Research

E. Linos,J. Lasky-Fink,V. Dorie, & J. Rothstein, Interventions to bolster benefits take-up: Assessing intensity, framing, and targeting of government outreach, Proc. Natl. Acad. Sci. U.S.A. 122 (37) e2504747122, https://doi.org/10.1073/pnas.2504747122 (2025). 

Many eligible families do not use government assistance

Government benefits programs are highly effective, but a lot of people don't use them even if they're eligible. Safety net assistance can help lift people out of poverty and have other advantages, such as contributing to better health and education outcomes. Despite the availability of assistance, however, 20 to 50% of Americans do not use programs for which they are eligible.  

One question for researchers and policymakers is whether more complex—and more expensive—outreach approaches are more effective than simple, light-touch nudges in getting families to take up benefits.

What outreach approaches work

In new research in the Proceedings of the National Academy of Sciences, Elizabeth Linos, the Emma Bloomberg Associate Professor of Public Policy and Management, and Jessica Lasky-Fink—both of the Kennedy School’s People Lab—along with coauthors Vincent Dorie and Jesse Rothstein, show that more complex or expensive interventions are not necessarily better than light-touch outreach.

The researchers wanted to know how government outreach could help very low-income families sign up for and receive important benefits, such the expanded Child Tax Credit and Economic Impact Payments (stimulus checks) during the COVID-19 pandemic. Many families who were eligible were at risk of missing out, especially those with little or no income who don’t normally file taxes.

The researchers ran four large experiments with over half a million households in California to test different outreach strategies—including simple outreach emails and “robocalls,” as well as higher-touch approaches such as more precisely targeted text messages and a staffed hotline that made proactive calls to encourage people to claim benefits.  

The authors found:

  • Simple outreach works. Light-touch reminders—including text messages, emails, and robocalls telling families they could claim benefits—consistently increased participation. Even small percentage increases translated into millions of dollars reaching families who needed the support.
  • Simple strategies are cost effective. These light-touch nudges had a large return on investment. For every $1 the government spent on outreach, between $50 and $8,000 in benefits were delivered to families.
  • Higher-touch strategies were not more effective. Proactive calls and more precise targeting did not appear to improve take-up beyond light-touch outreach alone. Additionally, these approaches are far more expensive.
  • Context matters. The study suggests that when the barriers to applying for benefits are already relatively low (as they were during the COVID-19 pandemic, when claiming benefits was made easier), simple light-touch outreach may be a cost-effective strategy at connecting even hard-to-reach populations with benefits.

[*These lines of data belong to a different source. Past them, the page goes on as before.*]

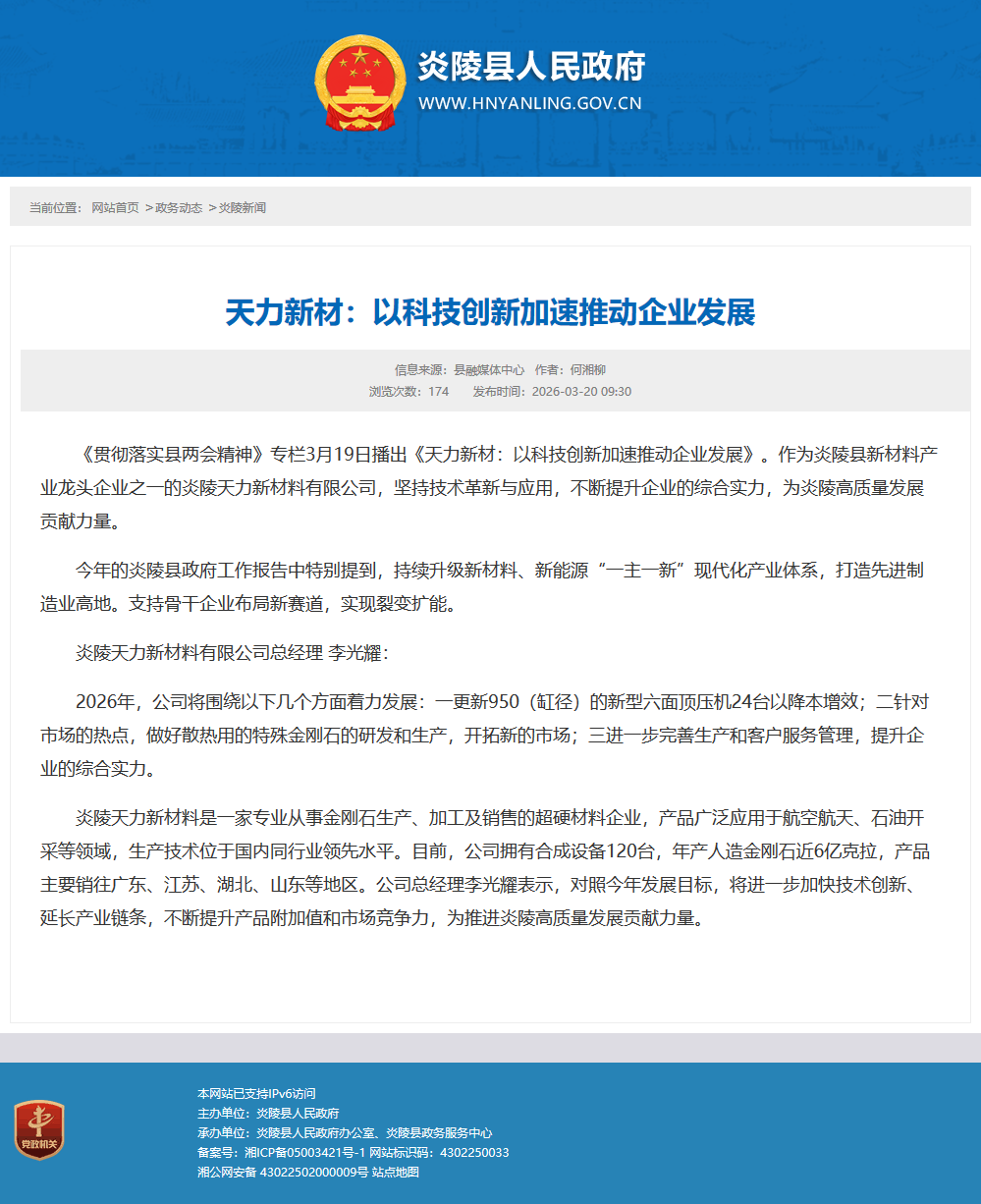 炎陵天力新材料是一家专业从事金刚石生产、加工及销售的超硬材料企业,产品广泛应用于航空航天、石油开采等领域,生产技术位于国内同行业领先水平。目前,公司拥有合成设备120台,年产人造金刚石近6亿克拉,产品主要销往广东、江苏、湖北、山东等地区。公司总经理李光耀表示,对照今年发展目标,将进一步加快技术创新、延长产业链条,不断提升产品附加值和市场竞争力,为推进炎陵高质量发展贡献力量。
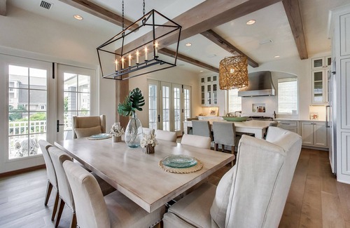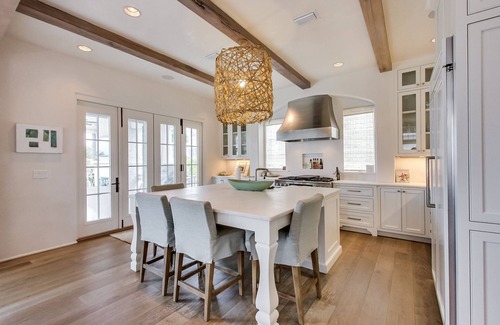 The chef's kitchen features designer cabinets, marble countertops and select stainless appliances, including a gas range. The dining area offers seating for 8 under a beautiful candelabra-style fixture, while the kitchen island has seating for an additional 4 guests. Table seating out on the deck can accommodate another 4. The living room has a flat-screen television, a timber beam ceiling, window transoms and access to the balcony. Open the doors and the living room becomes an extraordinary outdoor room. The private pool offers a partially covered patio area, creating a wonderfully intimate setting. *Please note: Fully opening the doors is not available during summer months due to humidity/swelling*
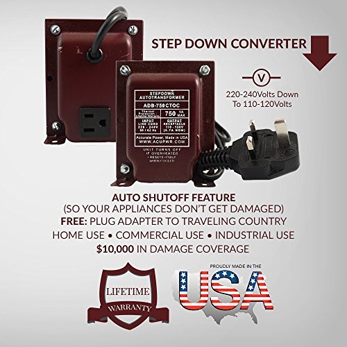 ACUPWR transformers are Designed and Manufactured in the USA using the finest materials and engineering. The ACUPWR ADB-750 is a Step Down transformer which is specially designed to let you use 110V appliances in 220V countries.
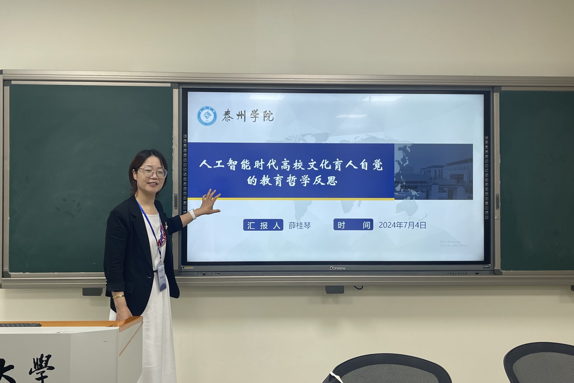 薛桂琴老师作了题为《人工智能时代高校文化育人自觉的教育哲学反思》的发言,探索人工智能如何与传统教育价值观保持一致,以及人工智能和谐融入教育范式的责任。祝晶莹作了题为《智能教育素养导向的本科师范生课程群建设实践探究》的报告,探讨了教育系统如何应对人工智能的到来,如何培养具有责任意识、可持续发展的人才。
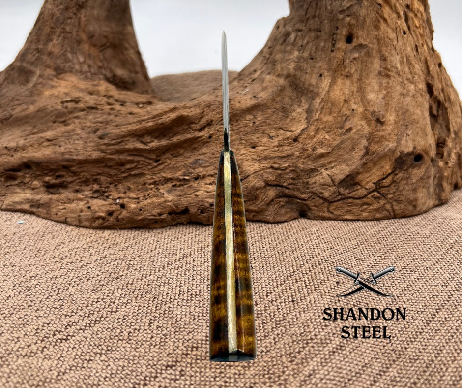 The product is a custom USA hand forged trade hunting skinning frontier patch plains knife with a 3.5" carbon steel blade and a full tang. It is ambidextrous and features a straightback blade edge in a gray color. The knife is handmade by Morning Sun Forge in the United States and comes with a wooden handle and a handmade leather sheath included. This original collectible fixed blade knife is perfect for hunting and skinning purposes, with its durable construction and classic design reflecting the rugged frontier spirit of American craftsmanship. Measures 7.5" overall.
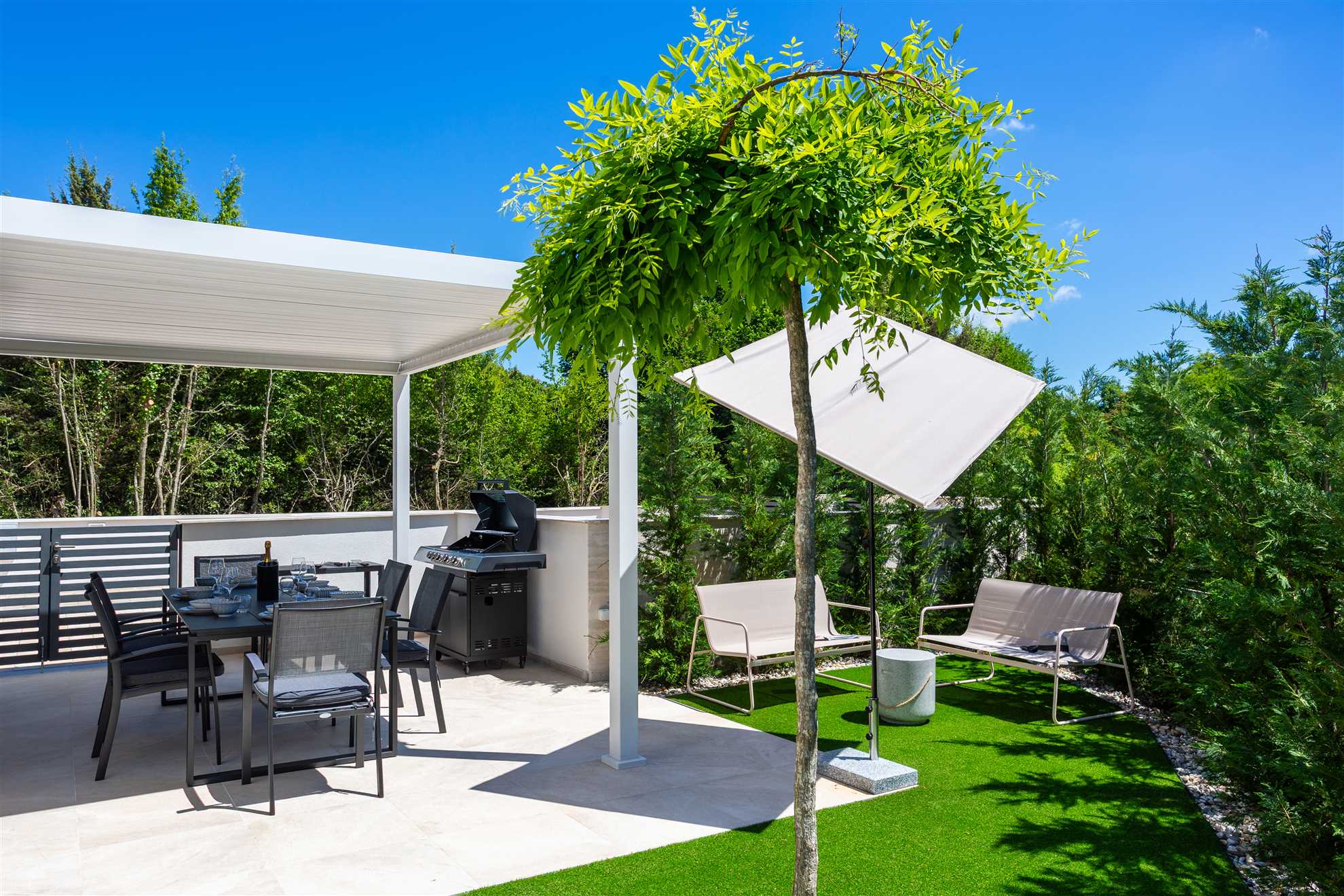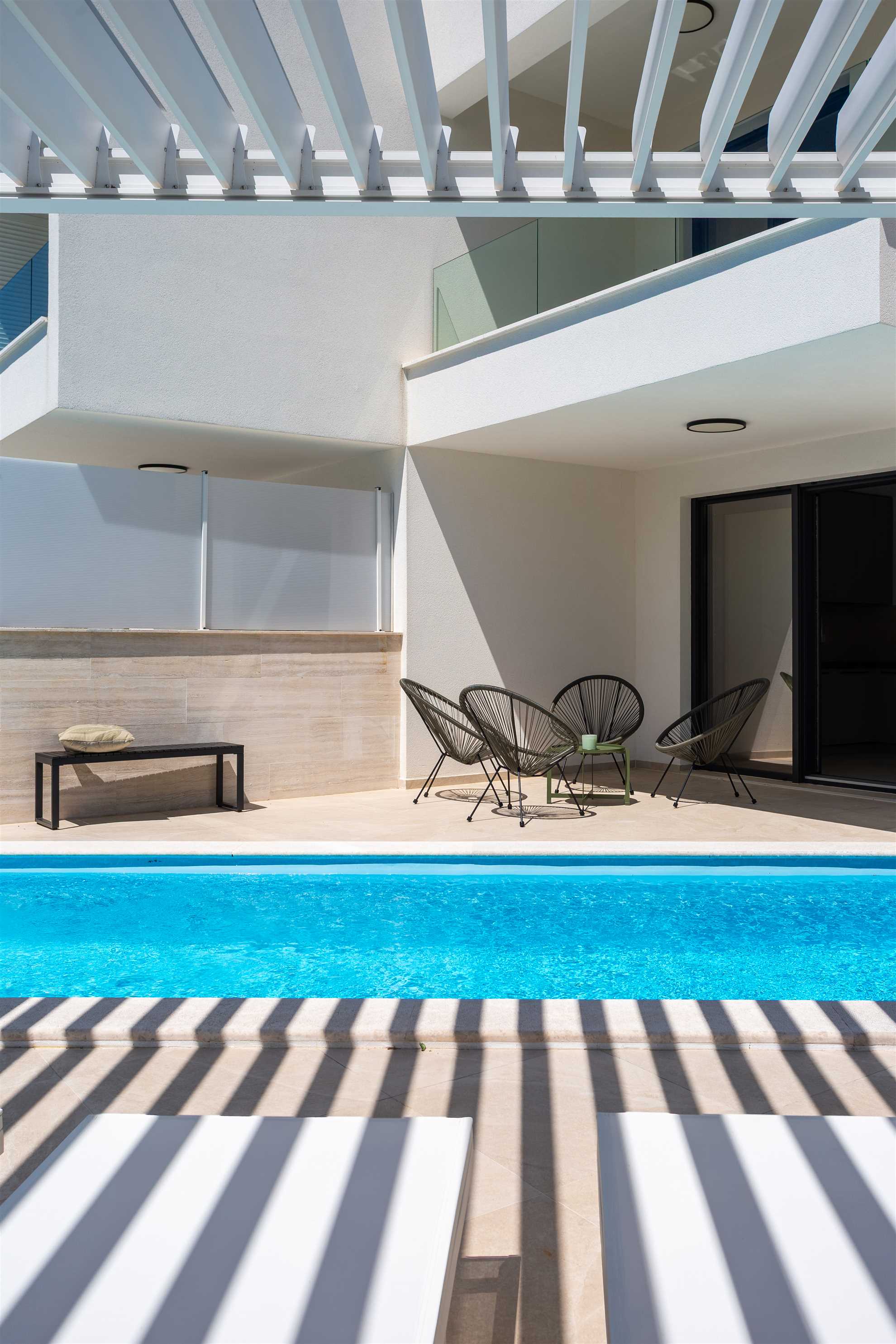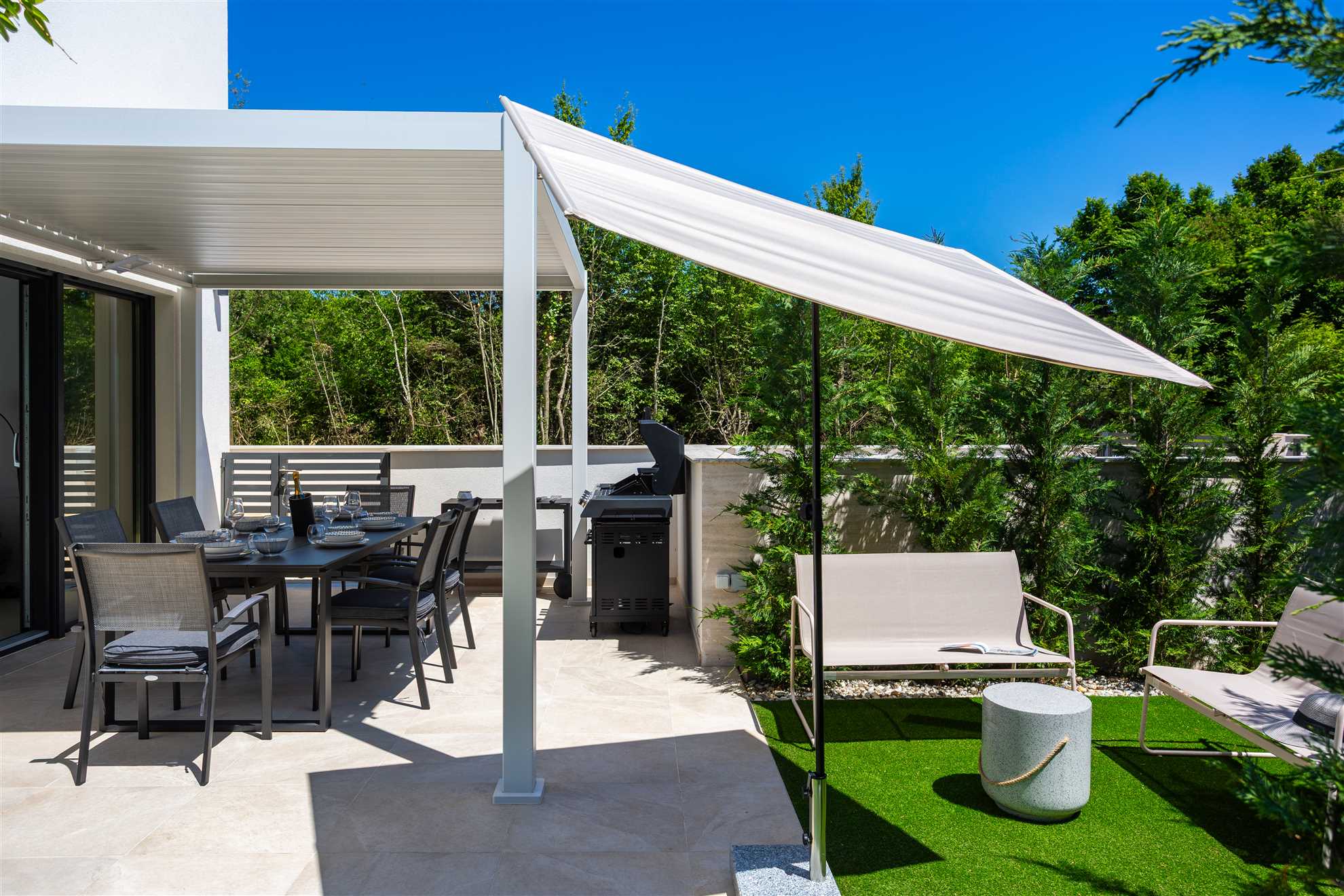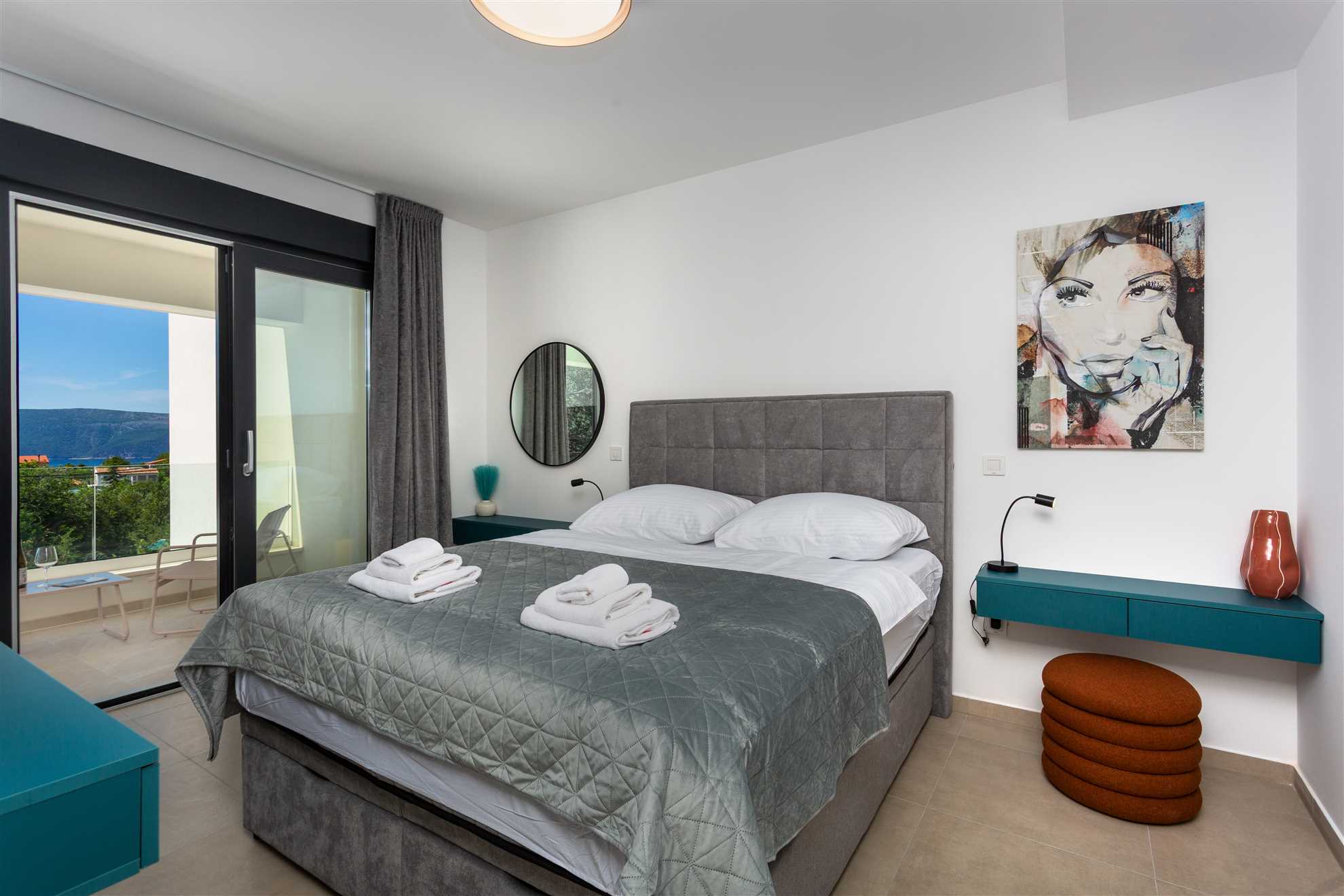 Unwind in style at Bella Vista Quarto, a modern villa on the Island of Krk created for easy, relaxed living. Its elegant interior blends comfort and contemporary design, while the outdoor areas invite you to make the most of sunny days — from the private pool and sun loungers to the shaded terrace with barbecue, a covered lounge corner, and an upper-floor balcony offering glimpses of the sea.

This research can help policymakers understand how to get people to use benefits. In at least some contexts, investing in simple, broad outreach campaigns may be more effective and cost-efficient than more elaborate strategies. While nudges alone can’t solve poverty—and the solution is not necessarily to do what is cheapest—policymakers need to invest in figuring out what works. They should think deliberately about when, where, and how to use higher-touch approaches, since they may not deliver much extra benefit.